Even though McCourt wasn't a journalist, he was an English teacher, he provides a very powerful lead and nut graph on the very first page of Chapter 1. After this, it's just the details:
"My father and mother should have stayed in New York where they met and married and where I was born. Instead, they returned to Ireland when I was four, my brother, Malachy, three, the twins, Oliver and Eugene, barely one, and my sister, Margaret, dead and gone.
"When I look back on my childhood I wonder how I survived at all. It was, of course, a miserable childhood: the happy childhood is hardly worth your while. Worse than the ordinary miserable childhood is the miserable Irish childhood, and worse yet is the miserable Irish Catholic childhood."
Wow--that says it all. The poverty, the senselessness, the hopelessness, the omnipresent, yet foreboding Catholic Church in Ireland, the death and the unhappiness. But what makes this book worth the reading is the little boy that McCourt uses to tell his story. Little Frankie McCourt tells a tale as only a child can, and it is this voice that makes the misery bearable.

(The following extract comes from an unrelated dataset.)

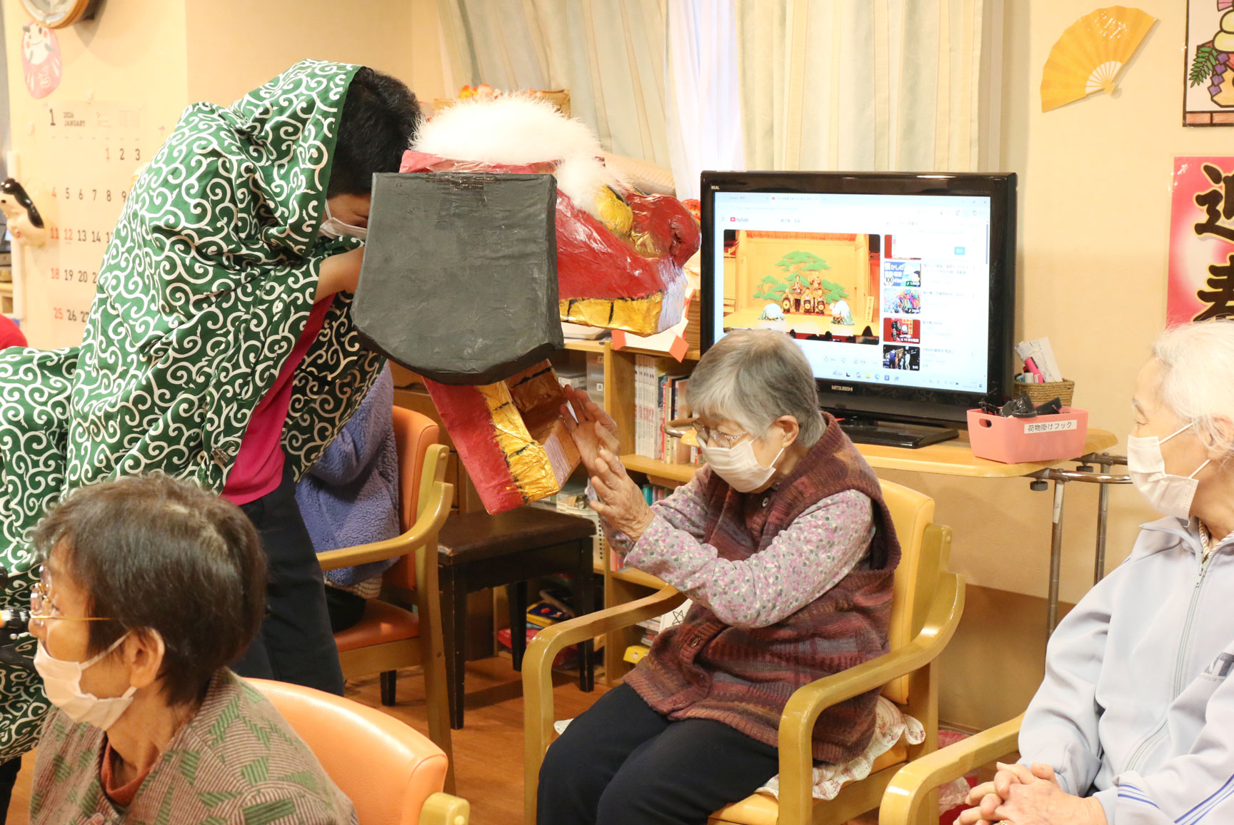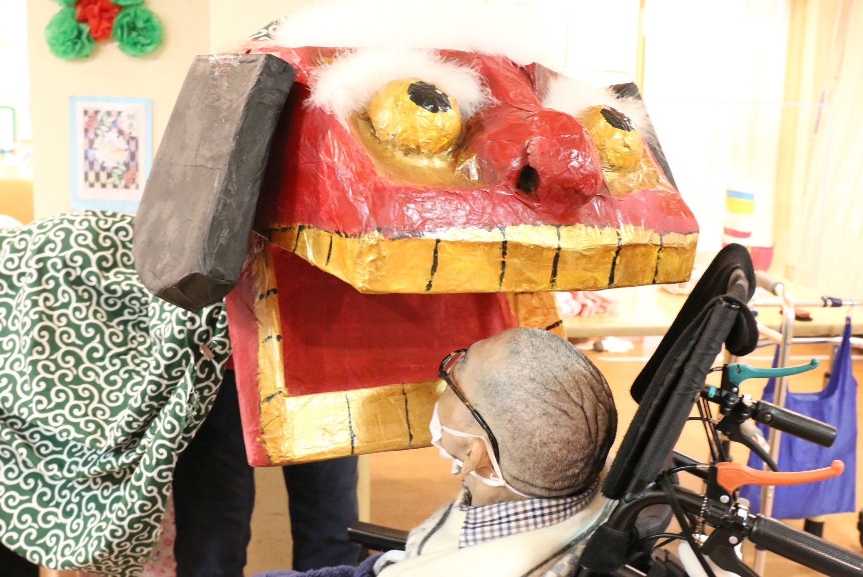 この獅子舞さん、よく見るとけっこうお茶目な顔をしていませんか

Along the way in Angela's Ashes, McCourt buttresses almost every Irish stereotype, providing real-world examples from his family: a father who drinks and drinks and drinks. A family subservient to the Catholic Church, often to their detriment. Potatoes...lots of potatoes. And of course wonderful stories and singing. This book has it all. But first and foremost, it is a great story, well-written. And that my friends, is why Angela's Ashes is a must-read book for all communicators.